Word for word, restate the data that follows, omitting the images.

> RECORDED DATA

◆ ◆ ◆

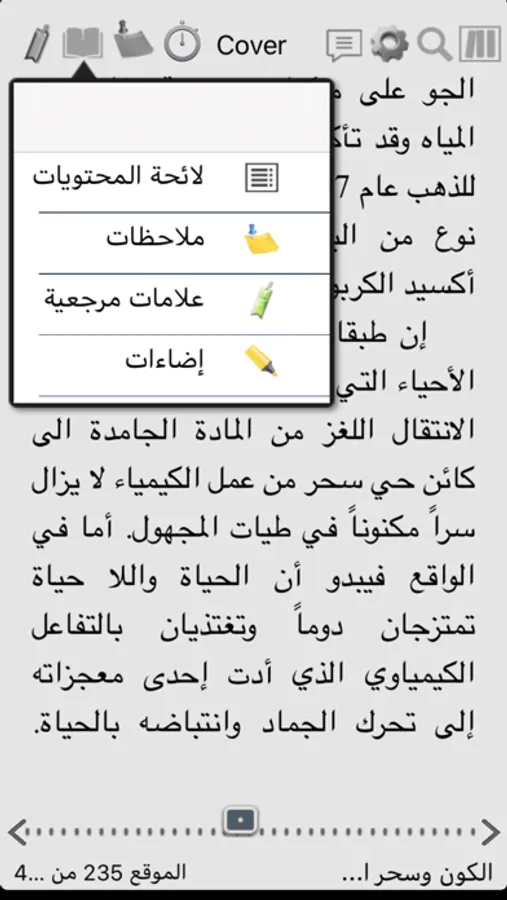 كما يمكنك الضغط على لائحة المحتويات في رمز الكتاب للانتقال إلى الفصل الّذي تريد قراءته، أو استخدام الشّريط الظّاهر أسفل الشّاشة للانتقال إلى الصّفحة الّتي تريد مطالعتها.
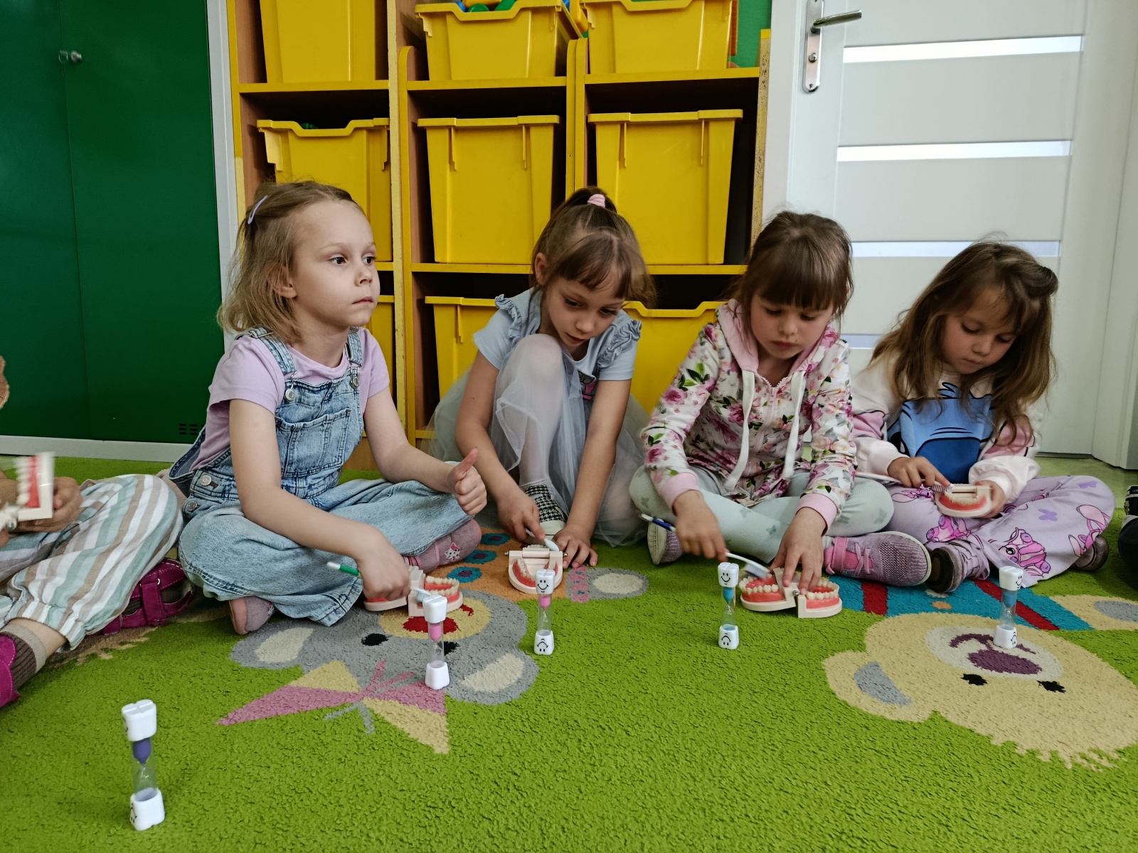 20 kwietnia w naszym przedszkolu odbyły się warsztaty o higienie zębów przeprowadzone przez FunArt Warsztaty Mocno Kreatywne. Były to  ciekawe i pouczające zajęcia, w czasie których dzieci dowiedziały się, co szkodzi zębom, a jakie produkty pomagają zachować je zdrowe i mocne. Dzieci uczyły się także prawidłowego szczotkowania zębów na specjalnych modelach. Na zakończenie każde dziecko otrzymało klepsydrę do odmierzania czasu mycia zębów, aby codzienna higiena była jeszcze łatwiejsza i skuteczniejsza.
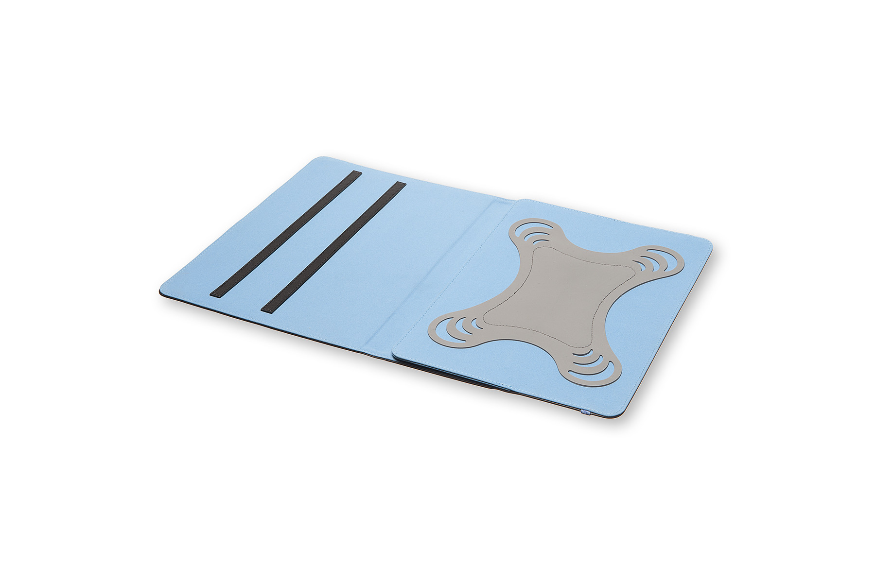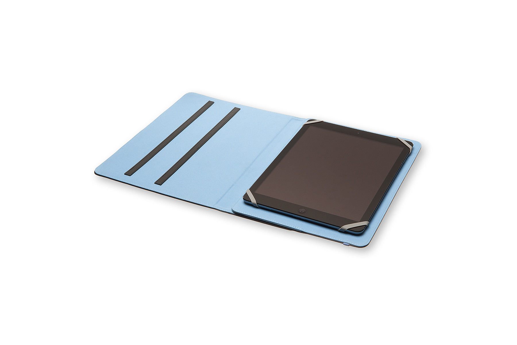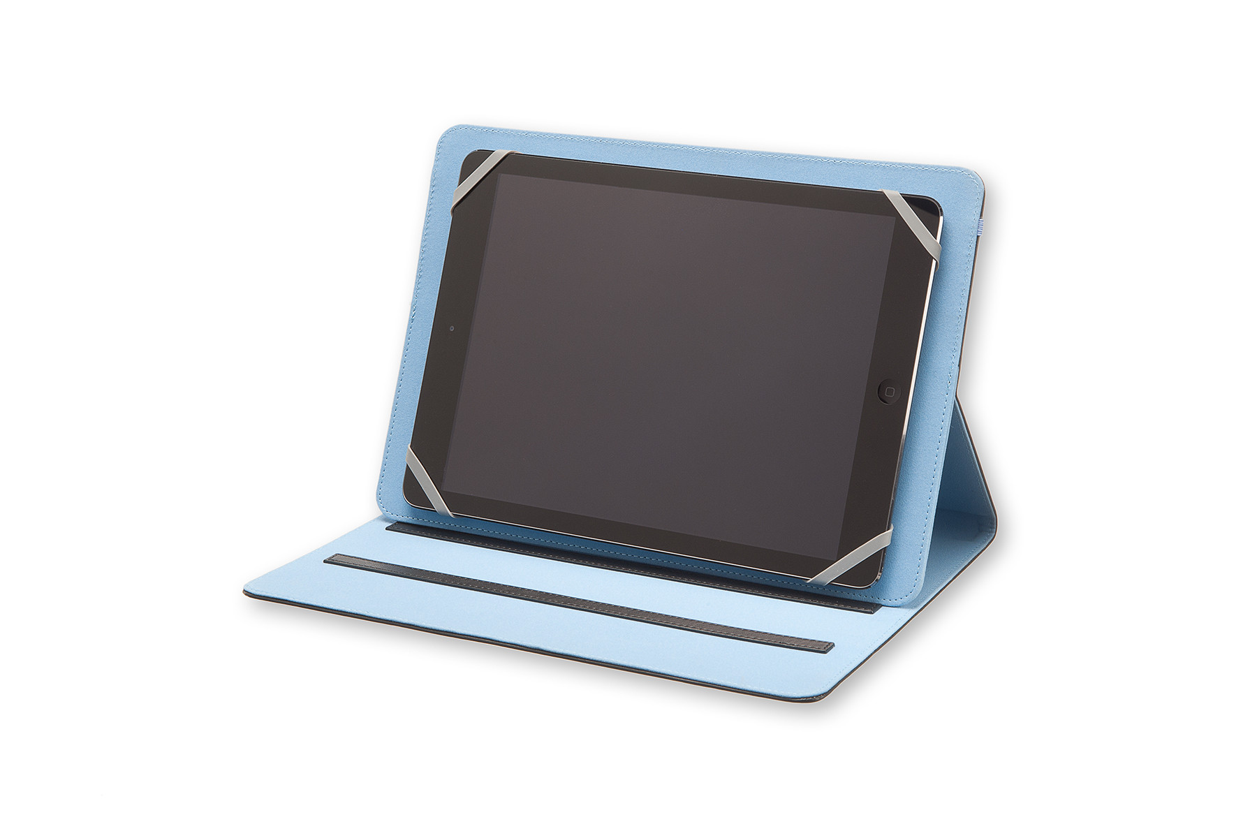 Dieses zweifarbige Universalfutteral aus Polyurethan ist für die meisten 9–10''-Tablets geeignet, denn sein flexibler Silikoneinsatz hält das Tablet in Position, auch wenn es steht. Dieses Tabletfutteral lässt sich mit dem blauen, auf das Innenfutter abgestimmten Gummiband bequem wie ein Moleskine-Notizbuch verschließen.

◆ ◆ ◆

> SOLUTION
 كما يمكنك الضغط على لائحة المحتويات في رمز الكتاب للانتقال إلى الفصل الّذي تريد قراءته، أو استخدام الشّريط الظّاهر أسفل الشّاشة للانتقال إلى الصّفحة الّتي تريد مطالعتها.
 20 kwietnia w naszym przedszkolu odbyły się warsztaty o higienie zębów przeprowadzone przez FunArt Warsztaty Mocno Kreatywne. Były to  ciekawe i pouczające zajęcia, w czasie których dzieci dowiedziały się, co szkodzi zębom, a jakie produkty pomagają zachować je zdrowe i mocne. Dzieci uczyły się także prawidłowego szczotkowania zębów na specjalnych modelach. Na zakończenie każde dziecko otrzymało klepsydrę do odmierzania czasu mycia zębów, aby codzienna higiena była jeszcze łatwiejsza i skuteczniejsza.
 Dieses zweifarbige Universalfutteral aus Polyurethan ist für die meisten 9–10''-Tablets geeignet, denn sein flexibler Silikoneinsatz hält das Tablet in Position, auch wenn es steht. Dieses Tabletfutteral lässt sich mit dem blauen, auf das Innenfutter abgestimmten Gummiband bequem wie ein Moleskine-Notizbuch verschließen.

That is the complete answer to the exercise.